The ambiguity of power relationships in Athens should lead us to view the demos–tyrant analogy warily; nonetheless, the analogy maintains critical purchase. What remains of Aristophanes’s portrait of the juror as tyrant is the problem posed by unaccountability, which manifests itself in interactions between jurors and those who come before them to be judged. For all Bdelykleon’s insistence that the jurors are dupes rather than masters, he never challenges his father’s claim that the jurors are unaccountable; indeed, he accepts it as the only good point Philokleon has made.

Aristophanes, then, offers a portrait of the juror that shares in many of the classical tyrannical topoi discussed above. We do not need to assign to the play a single meaning or message to see the way in which Aristophanes has complicated any efforts to read the unaccountability of the jurors as the benign unaccountability of the idiōtēs. The jurors have been given their own Ring of Gyges, and even if their unaccountability does not lead them to embark on a campaign of terror, it still raises real political issues.

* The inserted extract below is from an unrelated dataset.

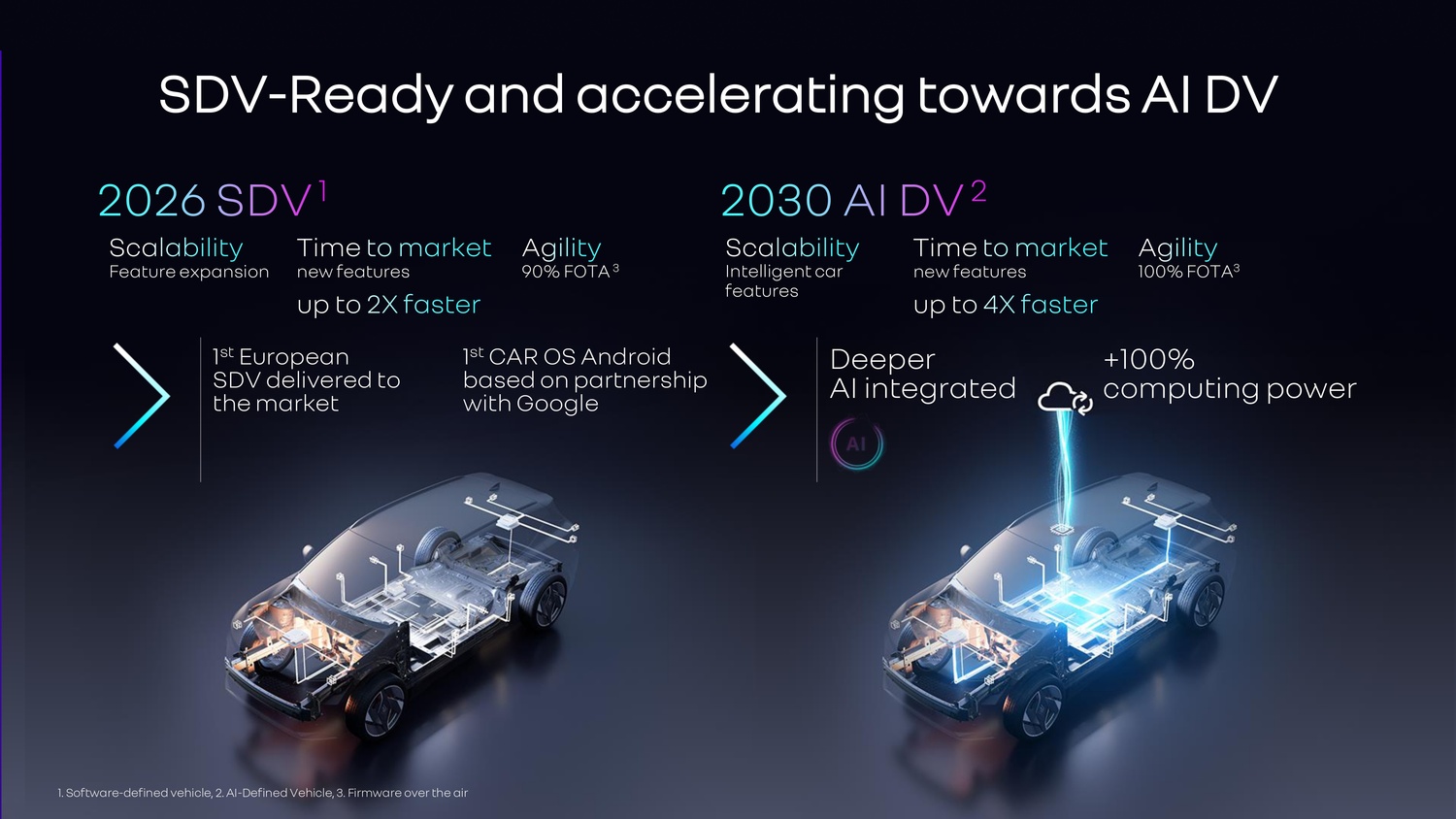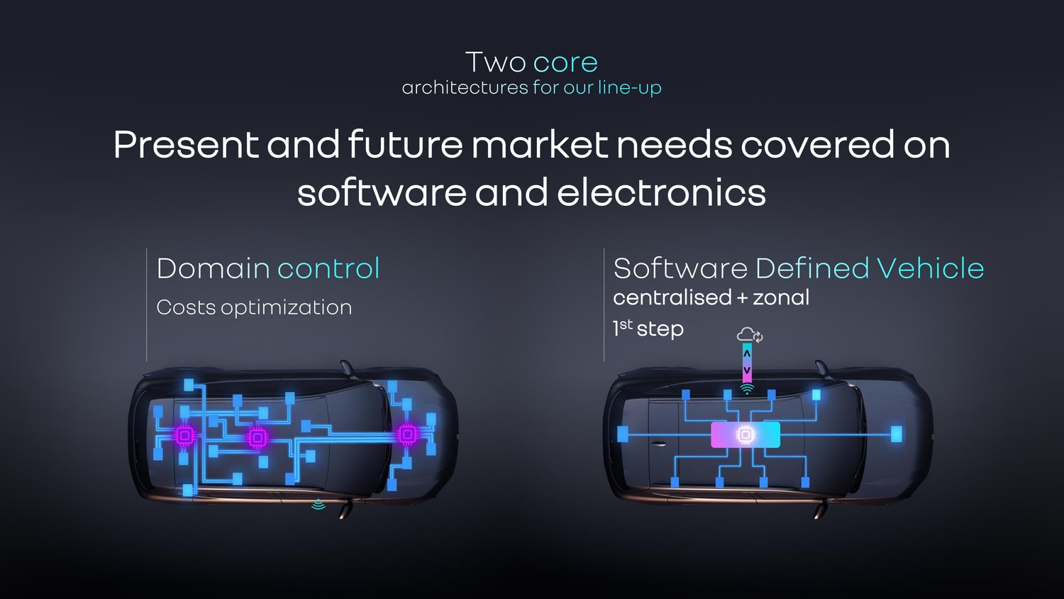 - Prin arhitectura electronică centralizată de tip Software Defined Vehicle (SDV), 90% dintre funcționalități vor putea fi actualizate FOTA (Firmware Over The Air), reducând la jumătate timpul de introducere a noilor funcții. Aceasta va fi, de asemenea, prima platformă care va integra carOS, sistemul de operare al vehiculului, dezvoltat în colaborare cu partenerul Google pe bază Android.

Conclusion: The Power of Ordinary Citizens

If jurors in Athens were idiōtai, they were nonetheless idiōtai who wielded great power. Consider Aeschines’ reflections on the role of jurors, in his speech Against Ctesiphon:

If the judges at the Dionysian Festival do not judge the cyclical choruses justly, you punish them; but will you yourselves, established as judges not of cyclical choruses but of laws and political excellence, give rewards, not in accordance with the laws, and to the few and deserving, but to a successful schemer?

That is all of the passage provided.